今年の夏は日本SFアンソロジーが盛り上がっています。初夏から晩夏にかけて、日本SF作家クラブ編『2084年のSF』 (早川書房)、伴名練編『新しい世界を生きるための14のSF』(早川書房) 、井上彼方編『SFアンソロジー 新月/朧木果樹園の軌跡』(Kaguya Books) 、大森望編『ベストSF2022』 (竹書房) 、『Genesis この光が落ちないように』(東京創元社)と、5冊の日本SFアンソロジーが刊行されます。
SFメディアバゴプラでは、「日本SFアンソロジーの季節」と題して、各アンソロジーの魅力を紹介する企画を実施しています。今回ご紹介するのは、8月29日に刊行された井上彼方編『SFアンソロジー 新月/朧木果樹園の軌跡』(Kaguya Books)。編者と編集を務めた井上彼方さんに4つの質問をしました。

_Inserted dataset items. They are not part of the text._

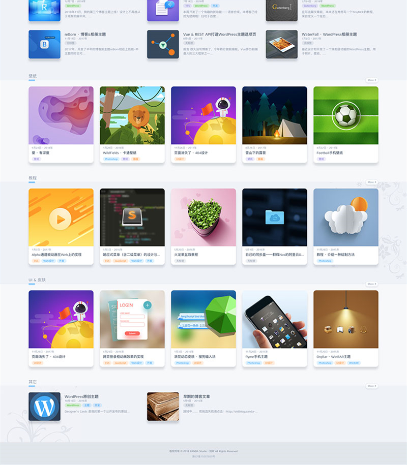 瀑布流 文章列表可选择卡片或列表排序,其中卡片又可设置为普通或瀑布流形式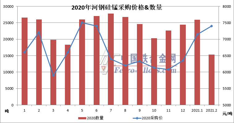 河钢集团公布12月硅锰二轮询盘价6280元/吨,一轮询盘6230元/吨(11月定价6080元/吨、2019年12月定价5950元/吨)。采量24400吨,环比11月增加1800吨(2019年12月采量24000吨)。具体采购价量价关系如下: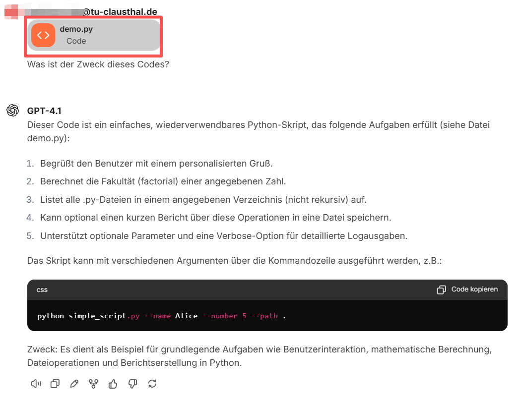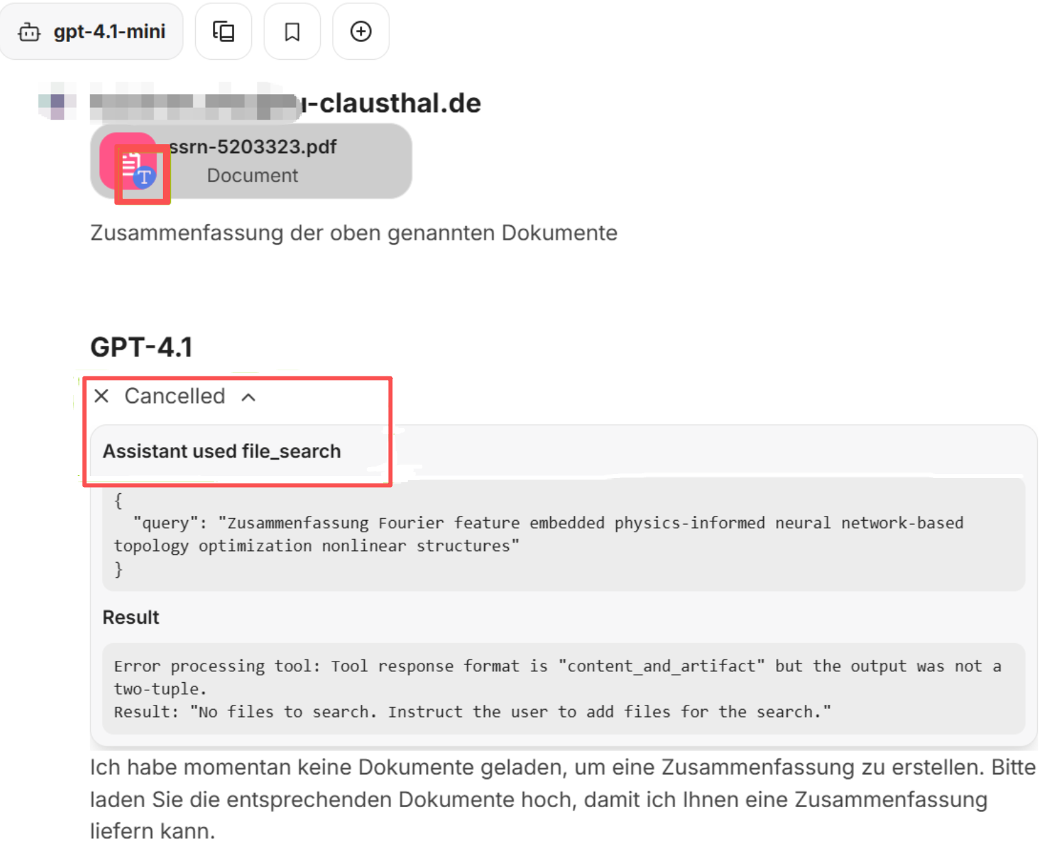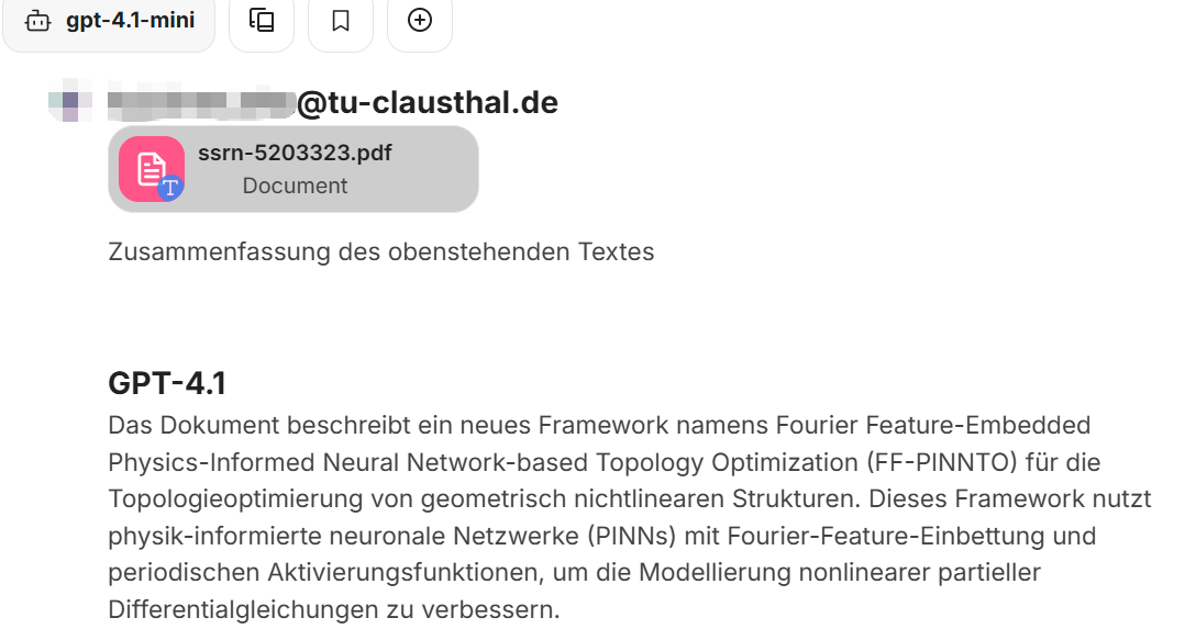 - Beim Hochladen als reiner Text verwendet das Sprachmodell keine zusätzlichen Werkzeuge, wie zum Beispiel das Tool „file search“.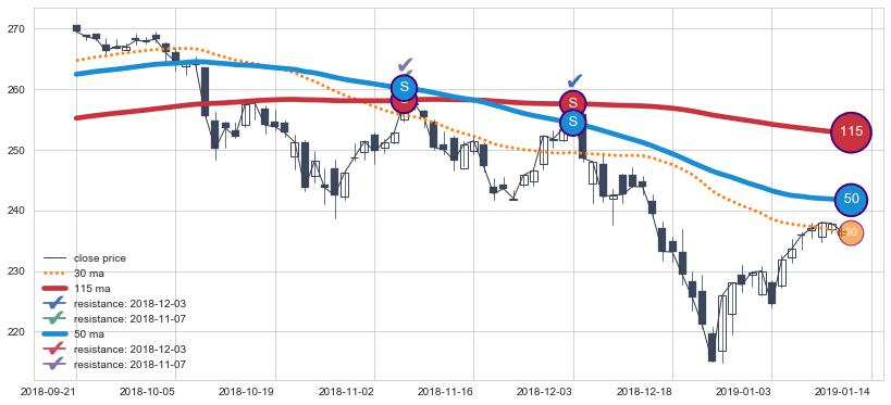➢ 最优均线组合共正确确认支撑阻力信号6处,正确确认率 66.67%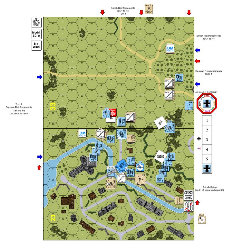 | Misc Rules: | All bldgs are single story. S35 sets up Immobilized nr one of the bridges; that bridge is footbridge |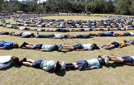 541 sinh viên của trường Hillcrest Christian (Úc) đã đổ ra sân trường, nằm úp mặt xuống đất và đặt hai tay đặt cạnh sườn.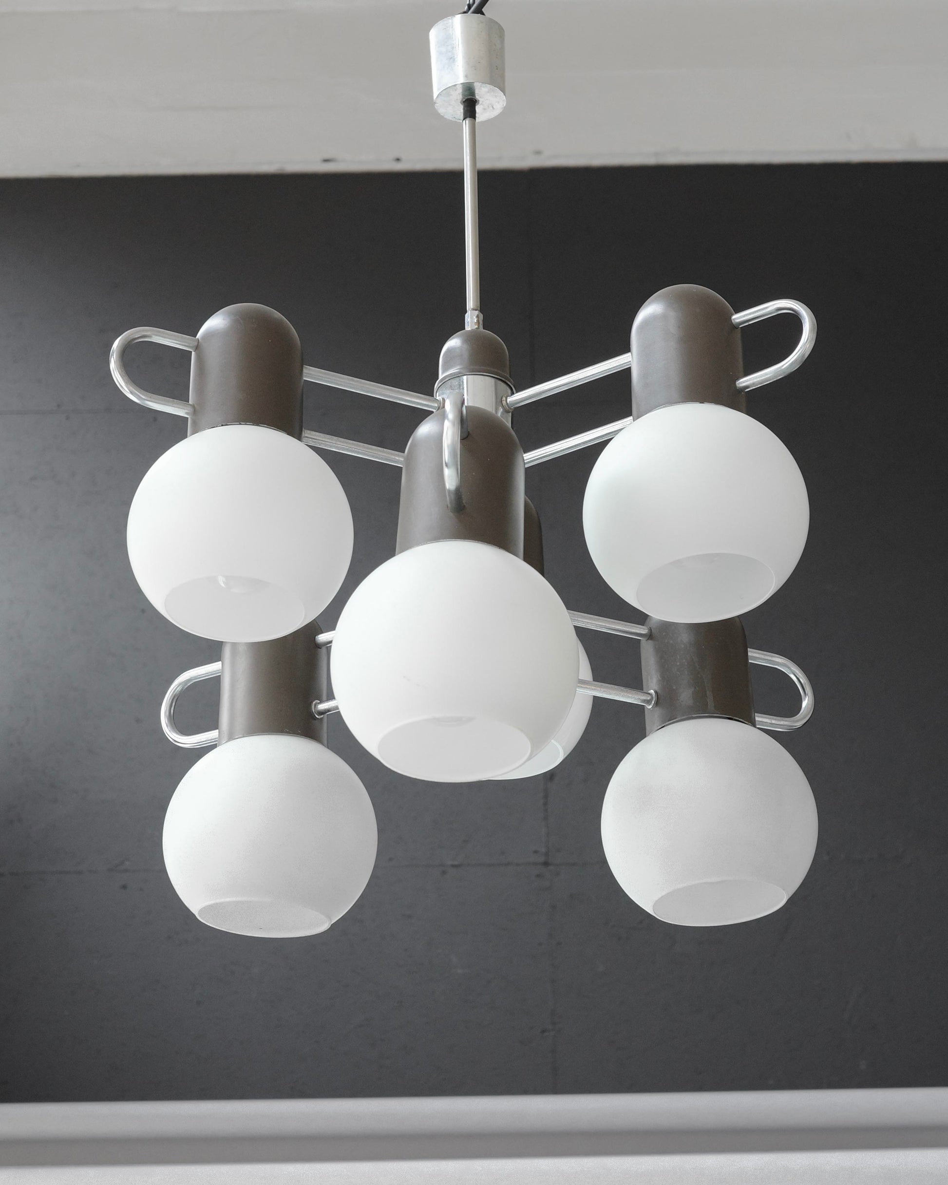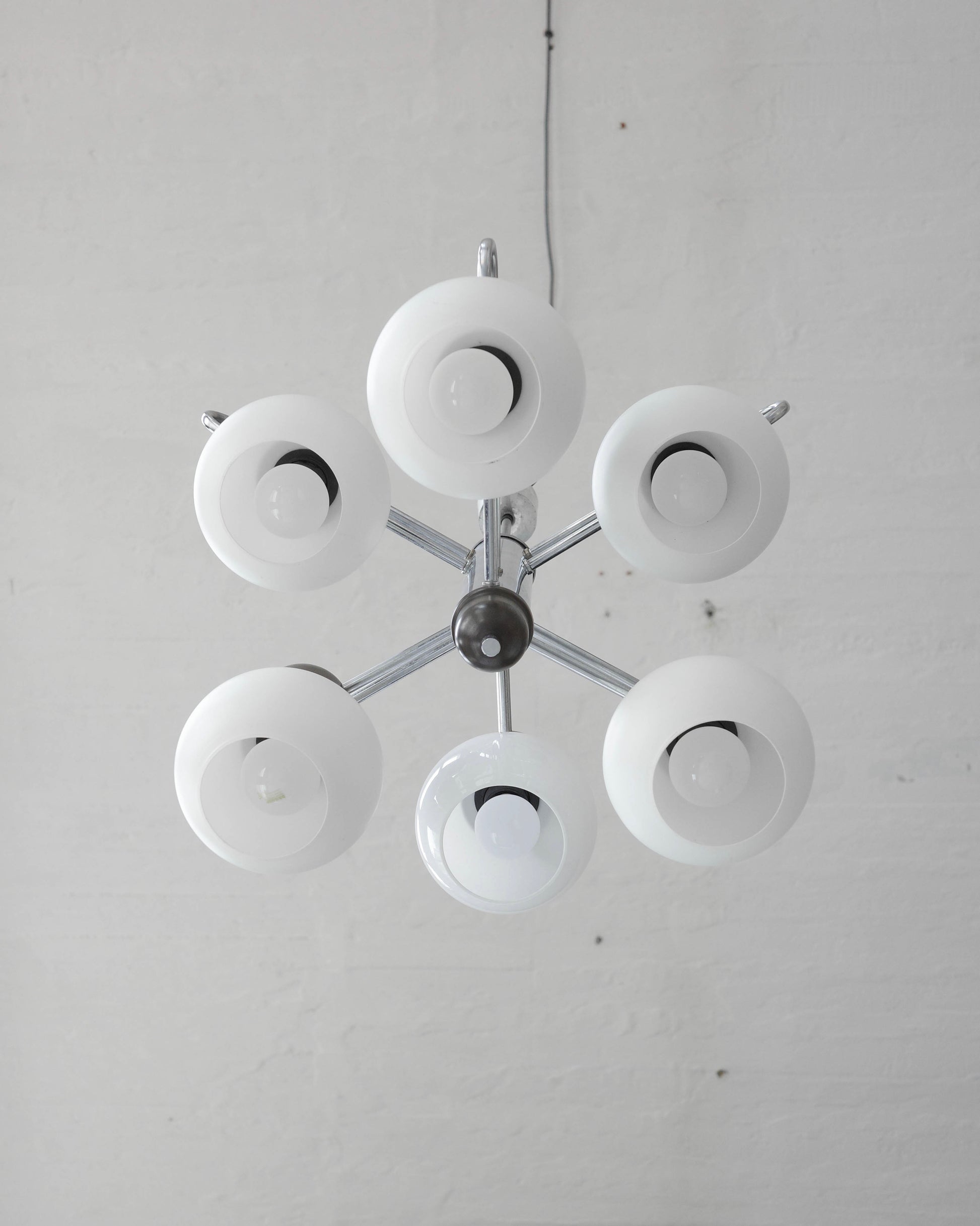 Lustr má kovovou konstukci v kombinaci chrom a černá barva. Má šest ramen, ukončených stínítky z bílého skla. Lustr jsme kompletně překabelovali a je plně funkční. Má šest zdrojů E27.

井上彼方編『SFアンソロジー 新月/朧木果樹園の軌跡』、8月29日刊行!
2022年8月29日に井上彼方編『SFアンソロジー 新月/朧木果樹園の軌跡』(Kaguya Books)が刊行されました。『SFアンソロジー 新月/朧木果樹園の軌跡』は、2020年と2021年に開催された第一回・第二回かぐやSFコンテストの受賞者と最終候補者を中心に構成された書き下ろしSFアンソロジーです。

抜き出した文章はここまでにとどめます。